Google's Gemini Omni turns photos, audio, and text into video — and that's just the beginning

[ad_1]

When Google was founded Gemini three years agohis goal was to create a large multimodal language – a single neural network that was trained on text, image, audio, and video and can generate the content of those images.

Today, at his Google I/O conferencethe company has taken steps to achieve that goal with the Gemini Omni, a new family of hybrids that Google CEO Sundar Photosi says will be able to “create anything from any accessory.”

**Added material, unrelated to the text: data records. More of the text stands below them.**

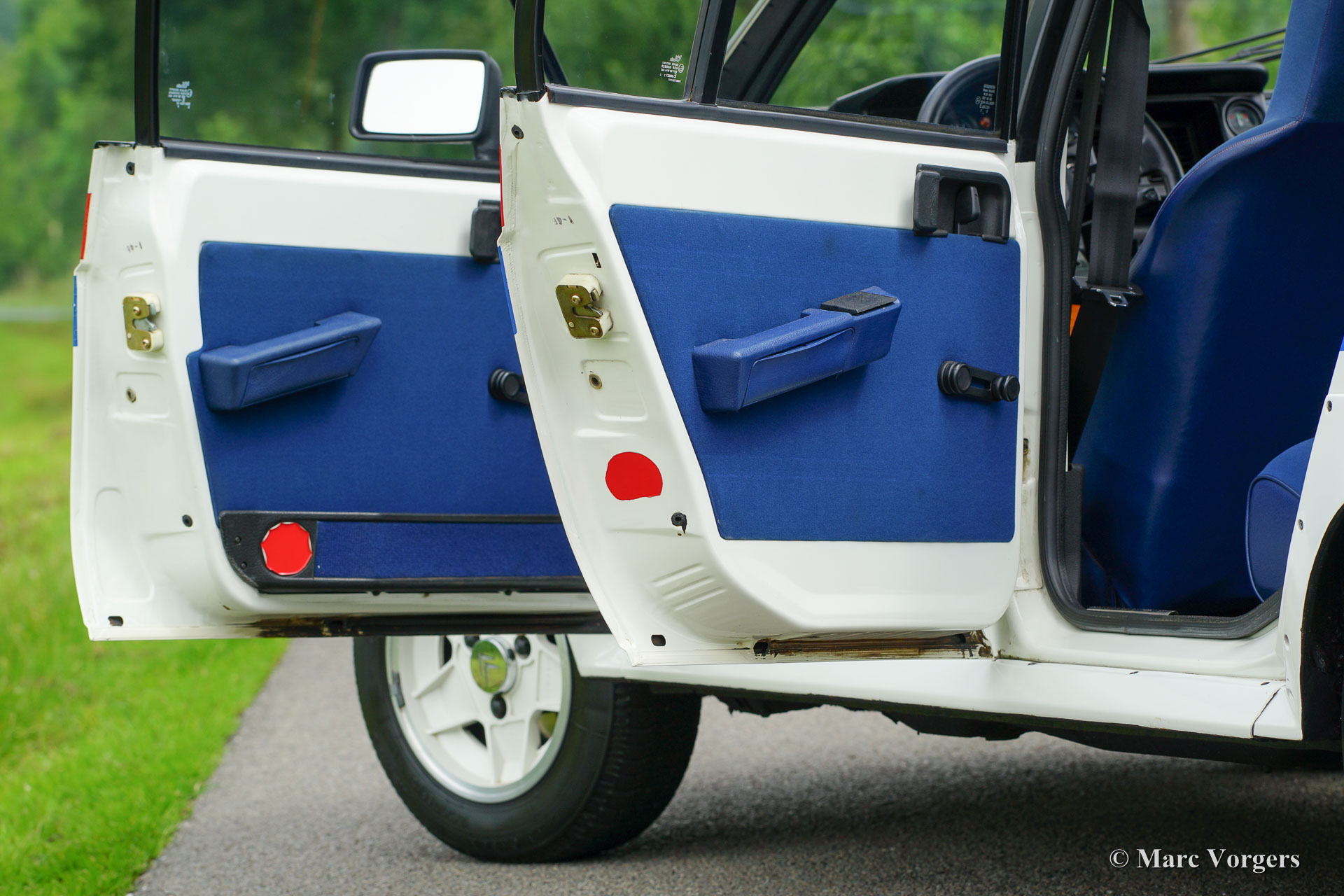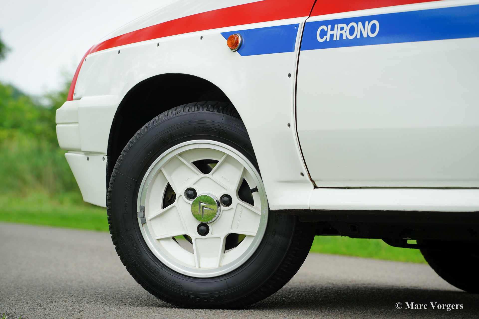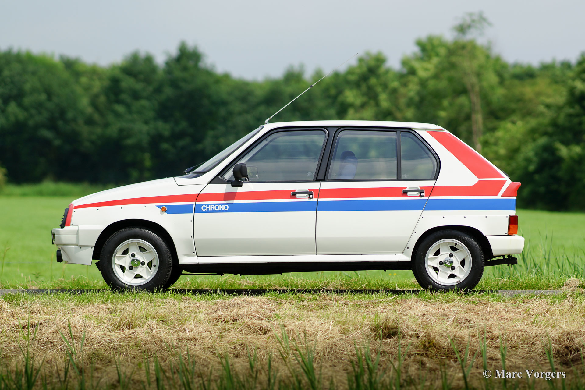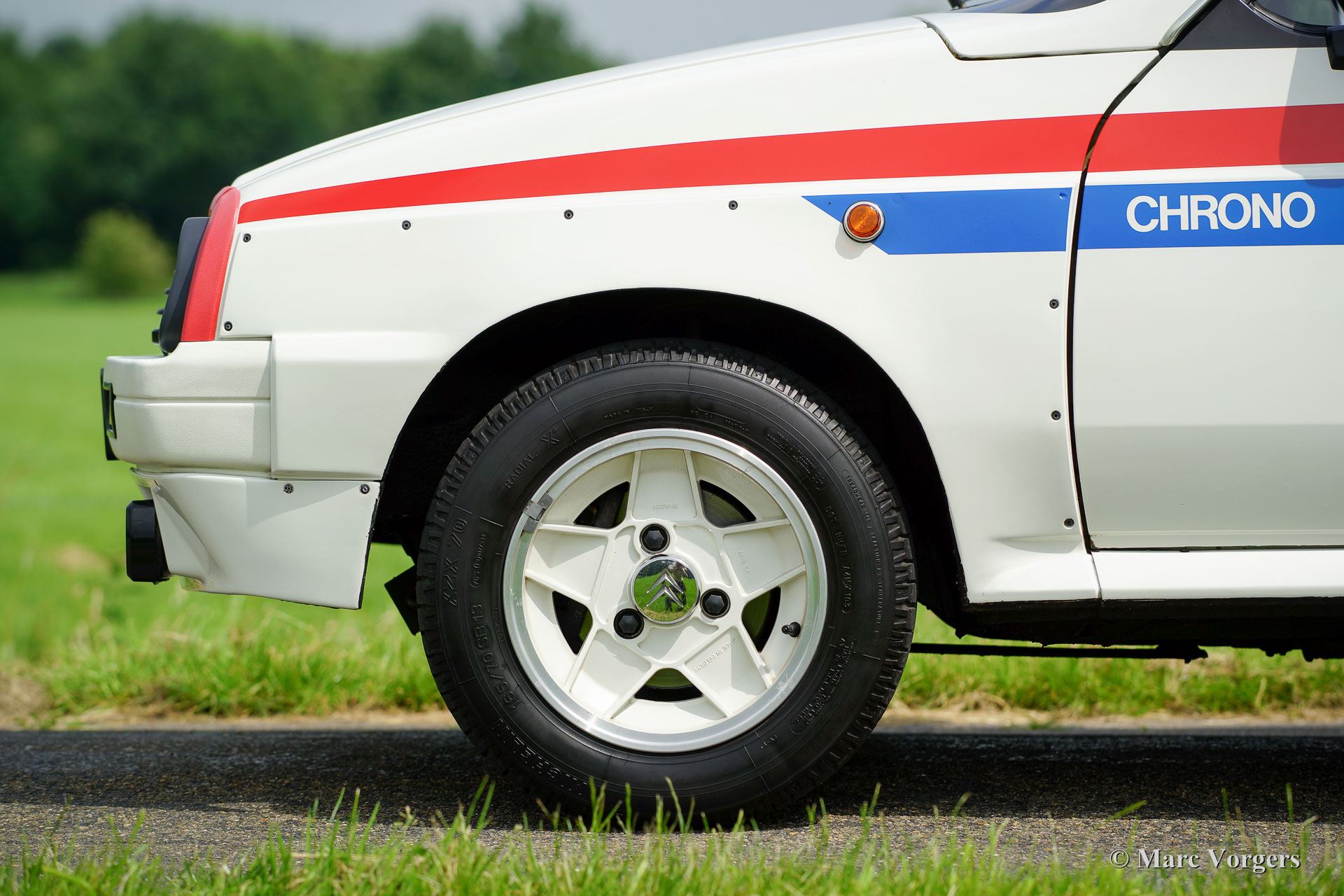Citroën Visa Chrono, Jahr 1983. Farbe Weiß (Blanc Meije) mit einem schwarz / blauen Stoff Innenraum. Die Chrono wurde in Französische / Niederländische / und deutschen Farben geliefert. Weiß mit rot und blau ‘striping‘ für die niederländischen und Französischen Autos. Die Visa Chrono verfügt über ein einzigartiges Armaturenbrett mit schönen Jaeger Instrumente das nur im Chrono geliefert wurde. In den 1980ern Jahre war die Visa Chrono ein Wettbewerber des Renault R5 GT und den Peugeot 205 GTI. Mit einer Leistung von 80 PS. und einem Gewicht von nur 900 Kilogramm ist das Auto ein richtiger ‘hot hatch'.
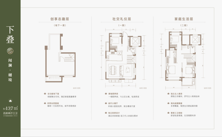 下叠附带全功能的地下室,可以打造成百变储藏室、茶室、会客厅、多功能影厅等。
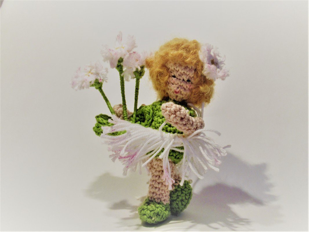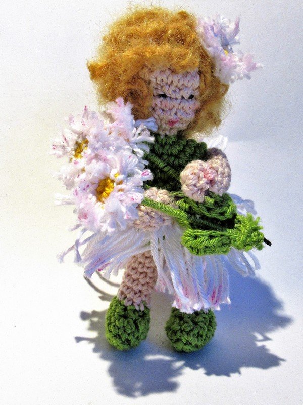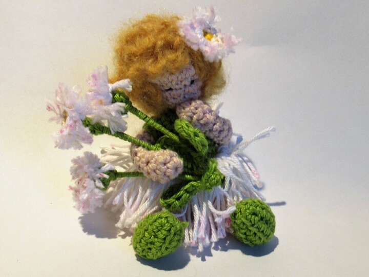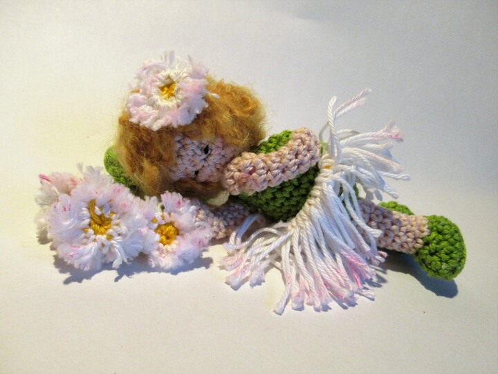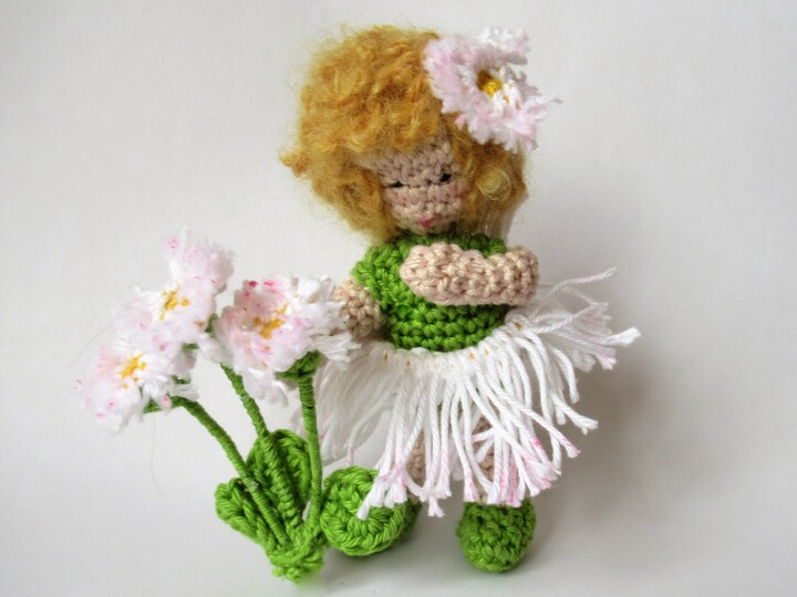 Jetzt kannst du dir das Blumenkind "Gänseblümchen" häkeln. Es wird etwa 13 cm hoch und hat bewegliche Arme und Beine, so dass du es in beliebiger Position dekorieren kannst. Es ist eine hübsche Frühlingsdekoration für den Jahreszeitentisch. Aber auch auf dem Frühstückstisch macht es eine gute Figur.
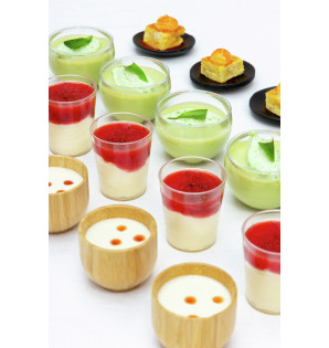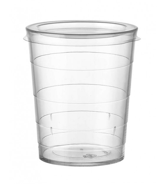 Vasito de 6 cl, con diseño transparente y cuatro rayas horizontales. De PS, es reutilizable y reciclable. Puede cerrarse con una tapa para facilitar su almacenamiento y transporte C2M45. Disponible en paquetes pequeños (300 u.) MIG60C
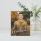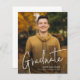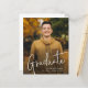 Eine Budget 2 Foto Abschluss Announcement-Karte mit handgeschriebenem Schriftart, komplettes Porträt-Foto auf der Vorderseite mit Namen und Abschluss-Details. Die Rückseite hat ein zweites Foto mit weiteren Details. Klicken Sie auf die Schaltfläche Bearbeiten, um dieses Design anzupassen.
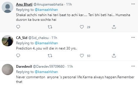 Soon after reading this tweet netizens started pouring out their anger and trolled him badly. One wrote, “Kabhi to kisssi ke bare mein achha bol diya karo.”While another one said “This is thoda extra. Please refrain from making such comments about personal lives of people.”
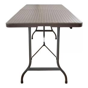 Profundidade 105 cm Dobrável Sim Cor da Estrutura Marrom Altura da Mesa 76 cm Número De Peças 1 peça Formato Retangular Marca Klimber Uso Geral Cor Marrom Medidas do Produto (AxLxC) (AxLxP) 76x92x105 cm Peso Líquido 12,200 kg Material Plástico e metal. Garantia 3 meses Características Com estampa rattan. Origem Importado"
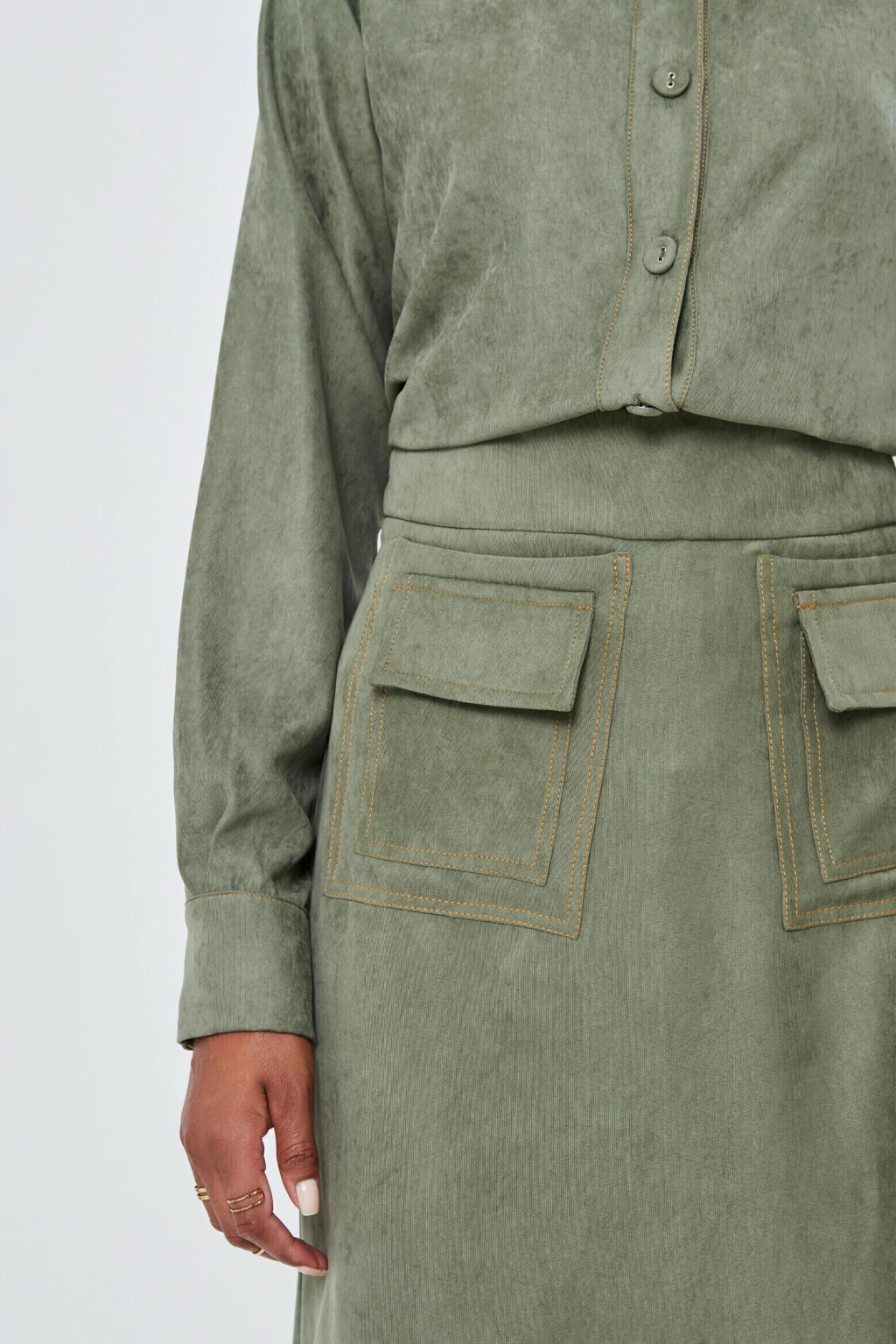 Saia Midi Evasê Cotelê Musgo 223 da Rubinella, um clássico contemporâneo que combina elegância e conforto.
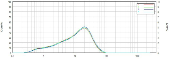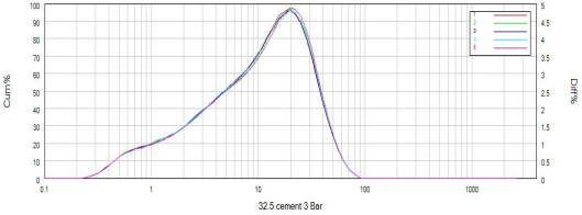 Figure 5. Particle size distribution and repeatability of 32.5 cement

Omni starts with a video. Users can now combine images, audio, video, and text, and instead of simply connecting the inputs, Omni takes all of that into account to produce a consistent output. The results are high-quality videos that demonstrate an understanding of physics, culture, history, and science.

Omni also allows users to edit images and text in plain text instead of complex editing programs, similar to Google’s Nano Banana.

Google already has a dedicated video, What?which allows users to turn text and images into videos, too manage and edit avatars. But Google DeepMind’s chief marketing officer Nicole Brichtova says today’s release isn’t just about changing Veo: “It’s the next step in the evolution of integrating Gemini’s intelligence with our video delivery capabilities.”

One example that Koray Kavukcuoglu, DeepMind’s chief technology officer, gave to reporters at a press conference on Monday: When Omni was given a simple information like “a clay description of protein folding,” it quickly produced a video of the explainer stopping with the words, “Proteins start as chains of amino acids into amino acids, the alpha part, called alphas. to make a nice three-dimensional shape.”

Omni’s long-term vision is much broader, involving analogies being used to create things like creating images from audio, or audio from video.

“When we first announced Gemini, it was our first AI model to be multi-dimensional,” Photosi said during the briefing. “We knew that teaching by combining text, code, audio, images, and video could help us understand the world more deeply. With global models, AI is moving from predictions to reality. Gemini Omni is the next step.”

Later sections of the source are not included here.